Main regulations for the consideration of labor disputes are the laws of the Russian Federation. First of all, this is the Constitution of the Russian Federation, which enshrines the fundamental rights in the sphere of labor, and among them is the right to protect one's rights (including judicial protection). Among the most important regulations governing the consideration of labor disputes is the Labor Code of the Russian Federation, adopted State Duma December 21, 2001. International legal regulation of labor relations is also becoming one of the most important sections of Russian labor law, which must be taken into account when resolving labor disputes.

Judicial practice is also of great importance for the consideration of labor disputes. Of course, the decisions of the Plenum of the Supreme Court of the Russian Federation are not sources of law and are not included in the system of normative acts. However, they contain a judicial interpretation of the relevant issues, and the courts, considering specific cases, are guided by them and use them to develop a uniform judicial policy.

2. Individual labor disputes

An individual labor dispute is a dispute between an employer and a person who previously had an employment relationship with this employer, as well as a person who has expressed a desire to conclude an employment contract with the employer, if the employer refuses to conclude such an agreement.

By general rule, individual labor disputes, depending on their jurisdiction, are divided into those considered in general order(the commission on labor disputes is a mandatory pre-trial stage) and on individual disputes (considered directly by the court). In addition, some of them may be authorized by the employer and the relevant trade union body, as well as a higher body.

The main cause of labor disputes are disagreements between the employee and the employer directly or through its administration. On the subject of disagreement, disputes can be divided into three groups, depending on the immediate causes of their occurrence.

1. Employees claim to improve the conditions for the sale of their labor force - an increase in wages, benefits, vacation time, improved working conditions, etc., but the employer does not agree with this.

3. Disputes of a legal nature. These include those that arise due to the complexity and inconsistency of legislative and other regulatory legal acts, as well as due to the fact that many administrative workers do not know labor legislation well.

Trade union workers are often hindered in their actions to protect the rights of workers, encountering misunderstanding and resistance on the part of the administration and the passive attitude of workers to the illegal actions of its representatives.

In the Russian economy, two legal regimes for regulating labor relations have developed - a written labor law for budget organizations and "ordinary" law for the new commercial sector. If the Labor Code is still somehow observed in budgetary organizations, it simply does not work in the new commercial sector. At small and medium-sized businesses, civil law relations are common, as it is convenient for the employer (there is no need to comply with the minimum guarantees established in labor legislation).

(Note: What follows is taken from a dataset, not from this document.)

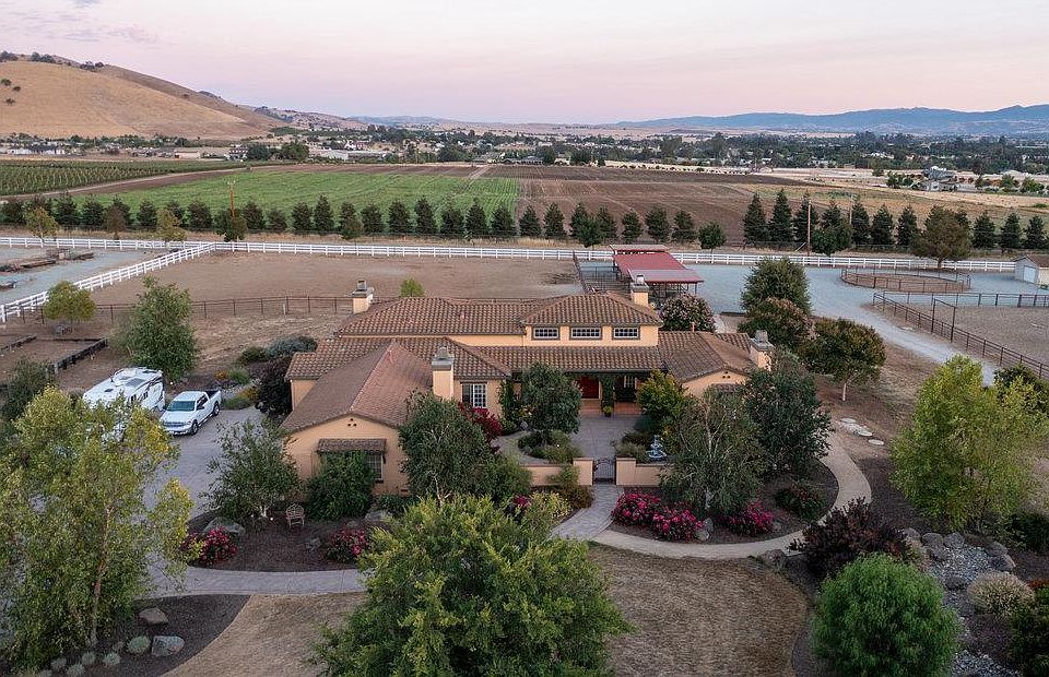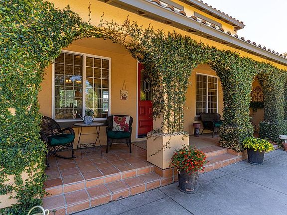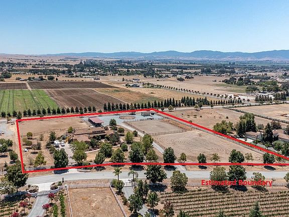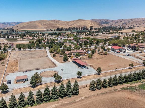 1151 Stony Brook Dr in Hollister, CA is a Tuscan style single story home with 4 bedrooms and 2.5 bathrooms and 3 car garage with a workshop on 4.68 acres. Remodeled gourmet kitchen with granite counters, large island with sink. New appliances including Wolf range. Two separate living spaces, dining area, and eat in kitchen areas. High ceilings - lots of natural light. Custom built cabinetry throughout home. Owner suite has large walk in closet with built ins, walk in shower, jacuzzi tub, double vanity and makeup area. Bedrooms have hardwood floor, new lighting fixtures, and ceiling fans. Dual zone AC and laundry room. Fully fenced 5' non climb fencing with custom entry and courtyard gates. Horse amenities: custom built covered pull barn with 4 large horse stalls, wash rack with hot and cold running water, and hay/feed coverage. Two large pastures and round pen with custom pipe fencing. Pastures and arena have hook ups for water. Community well with cross connect. Septic tank. No HOA

The growth in the number of small and medium-sized enterprises exacerbates the problem of protecting the legal rights of employees. Trade union organizations are usually not created at these enterprises, commissions on labor disputes are not elected, i.e. there are no bodies that should represent and protect the interests of workers.

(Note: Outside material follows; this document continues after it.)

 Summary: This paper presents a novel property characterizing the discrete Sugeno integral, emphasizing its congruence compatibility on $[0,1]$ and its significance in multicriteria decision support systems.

Now consider ways to resolve individual labor disputes.

Any labor dispute can be resolved through negotiations between the employee and the employer.

The employee can set out his requirements in a statement and transfer it to the employer in the prescribed manner. But it is better to meet with the employer in person and state your requirements orally to him, but at the same time it is necessary to prepare a written version of your requirements in duplicate.

The resolution of an individual labor dispute through negotiations with the employer can be considered a mandatory procedure. This follows from Art. 385 of the Labor Code of the Russian Federation: “An individual labor dispute is considered by a labor dispute commission if the employee, independently or with the participation of his representative, has not resolved the differences in direct negotiations with the employer.” That is, before applying to the labor dispute commission (CTS) or to the court, the employee must take all measures to resolve the dispute through negotiations.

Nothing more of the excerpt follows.